IDEA: Your collection agent knows a lot about your customers. Ask him.

Collection agents talk to your customers every day.  They fax, email and call customer accounts payable contacts and many times are the first to hear about problems.  He sees all incoming cash, wires, money orders and cash that comes in to pay for your company’s products and services.  He also knows a lot more that most in your sales and purchasing departments do not get to hear.  Ask him to share issues important to your purchasing and sales and marketing departments.  Here are a few things to review, consider and share.

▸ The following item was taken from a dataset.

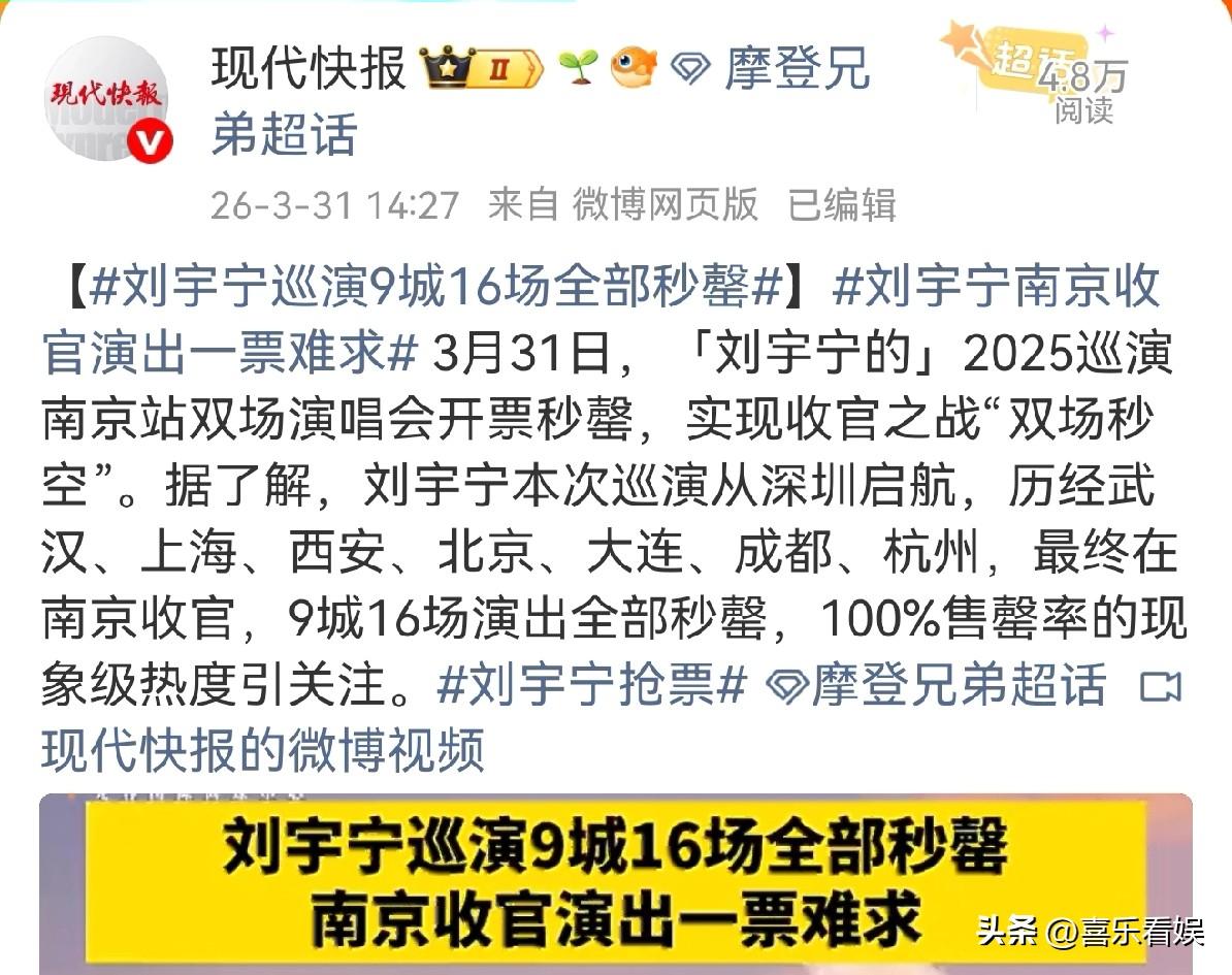3月31日,刘宇宁直接冲上热搜,原因是他的2025巡演南京收官场,开票直接秒罄,而且是双场全空。

Issues collection agents here from customers daily:

  1. Payment addresses: The collection agent knows where the checks are cut (addresses appear on incoming checks).
  2. Money orders: Your agent knows which customers pay with money orders (an ominous sign they may or may not be able to set up a bank account or do not want to for some other dubious reason).
  3. Cash payments: Your agent knows which customers pay cash which is ok for some businesses but unusual for others.
  4. Billings problems: The collection agent finds his company’s billing clerks are slow, incorrect or are sloppy about getting correct or complete invoices out the door to customers. Many times customers’ AP clerks will be the first to tell collection personnel who called in that they received the invoice late in the mail (postal mail, delayed email or missing backup) and the Net 30 day terms will start from the day they received the invoice.  Heard frequently, this is a sign the company’s billings function and procedures need to be reviewed, corrected and monitored.
  5. Owner names on checks: Your customer may be owned by a parent company that controls the cash. If that is true, the parent company pays the bills with the parent name appearing on the check. This parent may own lots of other divisions that pose potential sales. These are easier sales than with a totally new company to target.
  6. Customer deductions taken:. The remittance advice attached to checks or added to incoming wires tells the seller (payee) which invoices the customer paid, which early payment discounts were taken and deducted by invoice but more importantly, credit memos created and issued and deducted by the customer for issues that irritated the buyer enough to have it taken out of the delivered check to your company.  Your sales people may or may not know about these chargebacks, thus they should be informed immediately to resolve the issue that angered the customer. They need to be informed and involved to ultimately approve it.
  7. Vendor number assigned: On the majority of incoming checks, the vendor number assigned to your company will appear on the remittance advice.  This vendor number is most likely used throughout all facilities of your customer and is very important to give to the sales personnel to use in seeking new sales in existing customer facilities. This will help convince existing buyers who hate their internal problems of setting up new vendors.
  8. Customer banks: The agent knows the customer’s bank (the bank name and address appears on checks and incoming wires and is reflected indirectly within the routing numbers at the bottoms of physical checks).
  9. AP office locations: The agent knows where the accounts payable personnel are located (sometimes in remote locations and ‘potential sales’ facilities). This is important if you decide to have someone go pick up a check in person.
  10. Customer complaints: Many times the agent is the first to know a complaint the customer has about a recent shipment that has not been relayed to sales personnel.  Your collection person knows this since the invoice is not paid and missed deliberately on paid check runs and is told when he calls that payment is suspended or ON HOLD.
  11. Customer cash strapped: The collection agent knows when funds are tight (payables clerks sometime disclose the company is short of funds when they are called and questioned about past-due invoices).
  12. Discounts applicable or not: The agent is aware of which discounts companies will and will not take (discounts offered and ignored).  Example:  They might ignore 1% but take 2% discount and pay early.
  13. General customer complaints: The agent knows what the customer complains about through AP clerks who are happy to tell any caller why that supplier is not getting paid (extremely good marketing feedback).
  14. Freight company problems: The agent also knows the problems incurred with freight and delivery companies (i.e. unsigned packing lists, poor documentation, missing proofs of delivery, no customer signatures obtained, etc.)